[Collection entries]
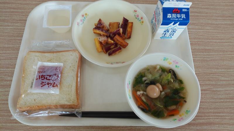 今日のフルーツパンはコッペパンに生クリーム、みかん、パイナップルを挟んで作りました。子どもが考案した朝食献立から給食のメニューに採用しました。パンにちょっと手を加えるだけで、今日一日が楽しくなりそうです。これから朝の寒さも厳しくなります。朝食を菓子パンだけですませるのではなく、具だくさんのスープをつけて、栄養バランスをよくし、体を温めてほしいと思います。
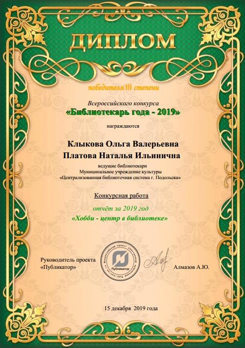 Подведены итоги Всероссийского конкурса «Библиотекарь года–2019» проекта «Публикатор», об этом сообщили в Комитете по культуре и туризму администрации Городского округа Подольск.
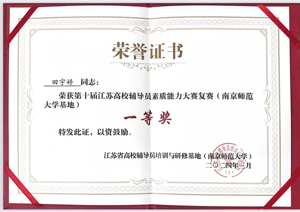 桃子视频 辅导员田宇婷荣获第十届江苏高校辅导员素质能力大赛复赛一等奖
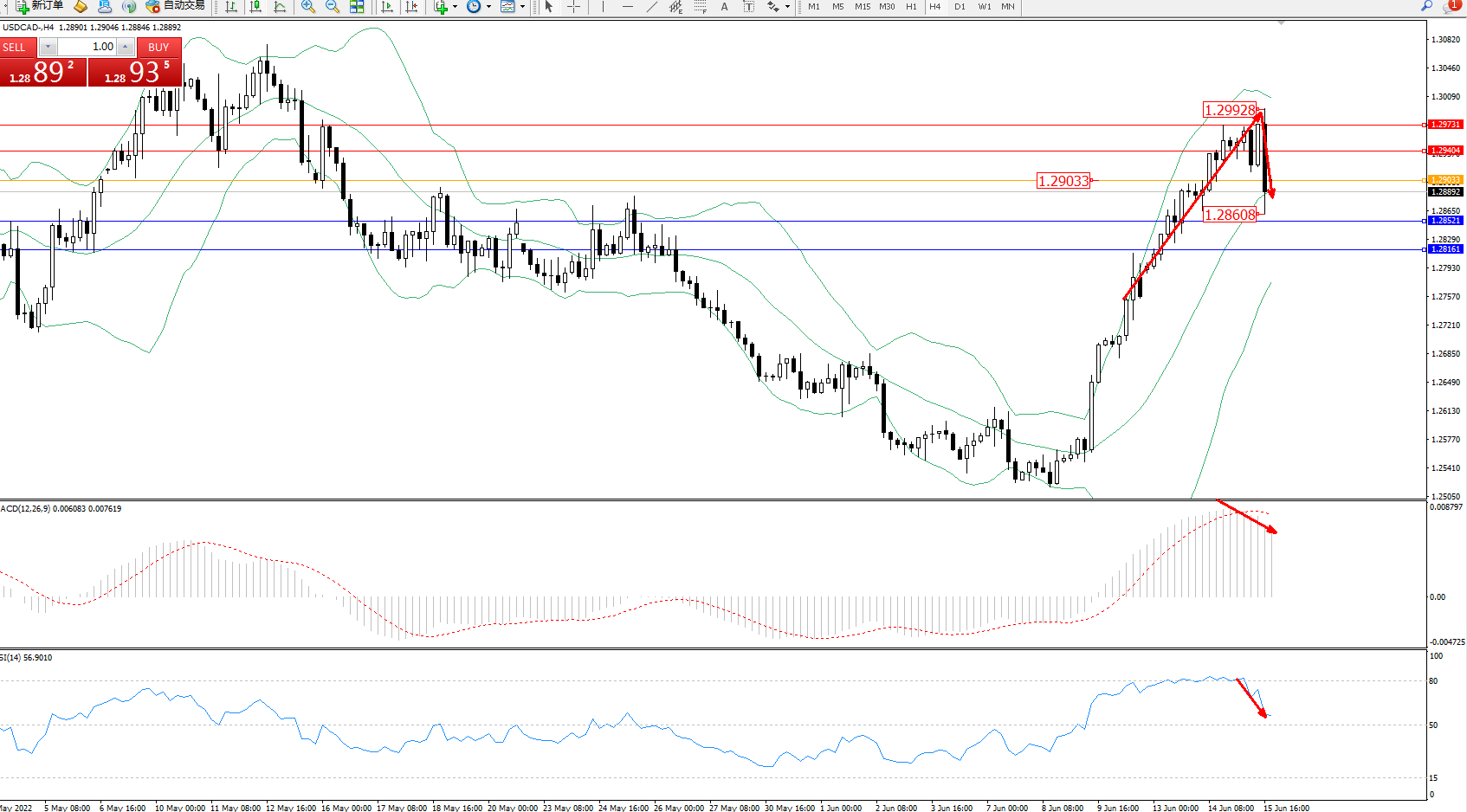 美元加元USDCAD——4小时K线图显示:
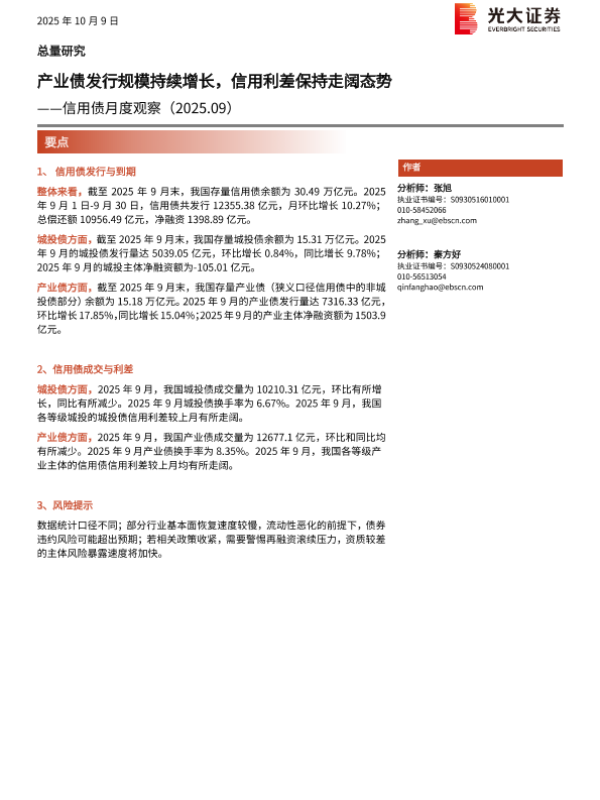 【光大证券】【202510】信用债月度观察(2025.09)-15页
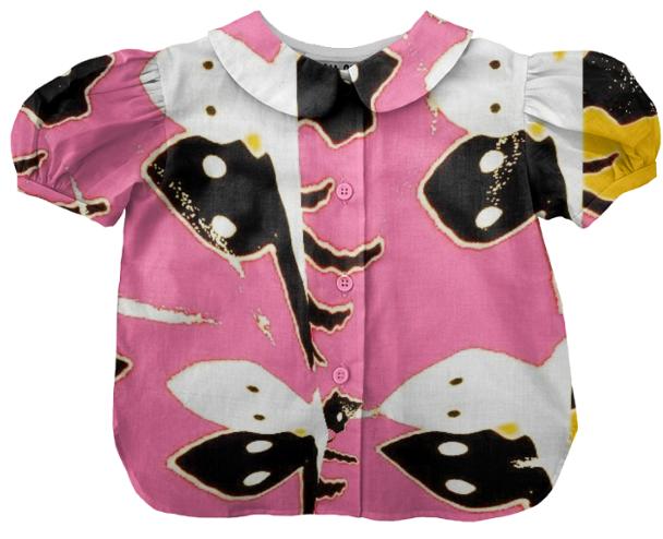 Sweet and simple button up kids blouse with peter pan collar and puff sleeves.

### Task to carry out
The records above must be printed exactly, but the pictures they hold should be omitted.

### Task output
 今日のフルーツパンはコッペパンに生クリーム、みかん、パイナップルを挟んで作りました。子どもが考案した朝食献立から給食のメニューに採用しました。パンにちょっと手を加えるだけで、今日一日が楽しくなりそうです。これから朝の寒さも厳しくなります。朝食を菓子パンだけですませるのではなく、具だくさんのスープをつけて、栄養バランスをよくし、体を温めてほしいと思います。
 Подведены итоги Всероссийского конкурса «Библиотекарь года–2019» проекта «Публикатор», об этом сообщили в Комитете по культуре и туризму администрации Городского округа Подольск.
 桃子视频 辅导员田宇婷荣获第十届江苏高校辅导员素质能力大赛复赛一等奖
 美元加元USDCAD——4小时K线图显示:
 【光大证券】【202510】信用债月度观察(2025.09)-15页
 Sweet and simple button up kids blouse with peter pan collar and puff sleeves.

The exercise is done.